И в это же время королевская власть стала широко применять рассылку на места комиссаров с целями как инспекции, так и управления в сфере юстиции или финансов. Вошло в обычай укреплять такими специалистами советы при губернаторах провинций, на них же возлагалось и исполнение чрезвычайных поручений. В дальнейшем отсюда развилась система провинциальных интендантов. Такие комиссары, конечно, были более надежными проводниками политики централизации, чем местные оффисье. В своих провинциях они оставались людьми из центра, рассчитывавшими сделать в дальнейшем карьеру в Королевском совете (который теперь, и в особенности его высшие, правительствующие секции, стали называть Государственным советом). Звание же государственного советника продажным не сделалось, оно предоставлялось особым королевским патентом. Комиссар, отличившийся в провинции, мог рассчитывать на получение такого патента.
Но нельзя и представлять себе дело так, будто мир комиссаров и мир оффисье были разгорожены какой-то стеной. Например, комиссарами в провинцию часто посылали королевских докладчиков, а эта должность была продажной, т. е. в одном отношении они были оффисье с общими для всех оффисье интересами, а в другом комиссарами. Та же ситуация была, если комиссарами становились советники парламентов и других судебных трибуналов — агенты для переделки системы управления, по необходимости выходили из недр старого аппарата.
Итак, на втором этапе развития абсолютной монархии — на этапе судебно-административной монархии — происходят одновременно два потенциально противоположных процесса: распространяются административные методы управления, а вместе с тем, закрепляется система продажности должностей, складывается особая идеология «дворянства мантии». Пока эти процессы шли параллельно: опыт гражданских войн второй половины XVI в. показал, что традиционный судейский аппарат оставался тогда верной опорой абсолютизма и еще не видел для себя угрозы в усилении административного начала в управлении. Антиабсолютистская оппозиция видела естественный и традиционный ограничитель королевского всемогущества в сословном представительстве, в Генеральных Штатах, а судейских оффисье считала агентами тирании, если не самими тиранами. «Судейские, — сказано в ее манифесте, «Франко-Галлии» Франсуа Отмана, — не только попрали и присвоили себе весь авторитет собрания сословий, но даже принудили всех принцев королевства и самого короля подчиниться их власти и преклониться перед их величием». Эксплуатируя страсть народа к сутяжничеству, парламентарии богатеют так быстро, «что превратились как бы в маленьких королей»[77].
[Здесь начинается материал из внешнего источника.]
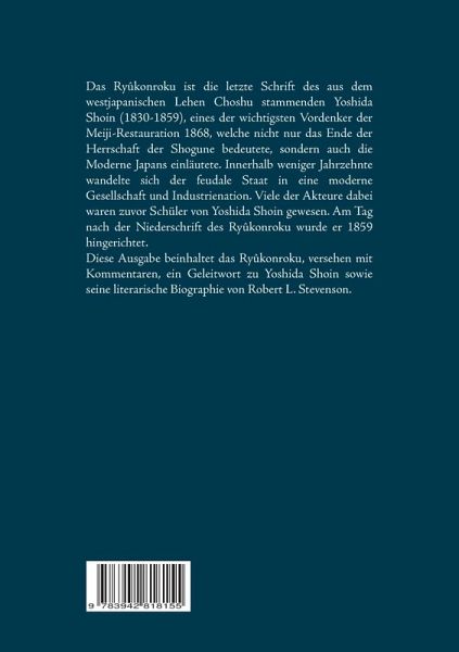Das Ryûkonroku, was sich ungefähr mit den Aufzeichnungen eines innehaltenden Herzens oder - oft im Englischen verwendet - A Soulful Minute - übersetzen lässt, ist die letzte Schrift des geistigen Vordenkers der Meiji-Restauration in Japan 1868 Yoshida Shoin. Am Tag nach der Niederschrift wurde er 1859 hingerichtet. Diese Ausgabe beinhaltet das Ryûkonroku, versehen mit Kommentaren, ein Geleitwort zu Yoshida Shoin sowie seine literarische Biographie von Robert L. Stevenson.

Формальное присоединение Парижского парламента к Католической лиге в 1588 г. было вынужденным актом, совершенным под давлением ратуши и буржуа. В годы господства Лиги в Париже парламент подвергался чистке, крайние лигеры добились даже казни одного из его президентов — Бриссона — по обвинению в роялизме. Парламентарии, участвовавшие в парижских Генеральных Штатах 1593 г., которые готовились избрать нового короля вместо «еретика» Генриха Наваррского, сначала настаивали на том, что все решения Генеральных Штатов по этому вопросу подлежат верификации в Парижском парламенте, а затем вышли из состава ассамблеи в знак протеста против задуманного нарушения норм французского династического права.
В годы Фронды парламентарии гордились тем, что именно они больше всех способствовали восшествию на трон первого Бурбона. Свою награду они, и вместе с ними все оффисье, получили очень скоро. В 1604 г. произошло важнейшее событие в административной истории Франции — Генрих IV счел выгодным для себя отменить «правило 40 дней»: отныне должность оставалась в обладании семьи покойного независимо от времени его смерти, если только он каждый год аккуратно платил специально введенный новый сбор, который по имени взявшегося собирать его откупщика, некоего Поле, стали называть «полеттой». Полетта дала гарантию наследственности должностей и, следовательно, закрепила права собственности на них. Правда, введена она была не навечно, а на срок в 5 лет и потом регулярно продлялась. Теоретически существовала возможность того, что государство откажется ее возобновлять, но уж против этой угрозы своей собственности судейский аппарат готов был бороться всеми силами.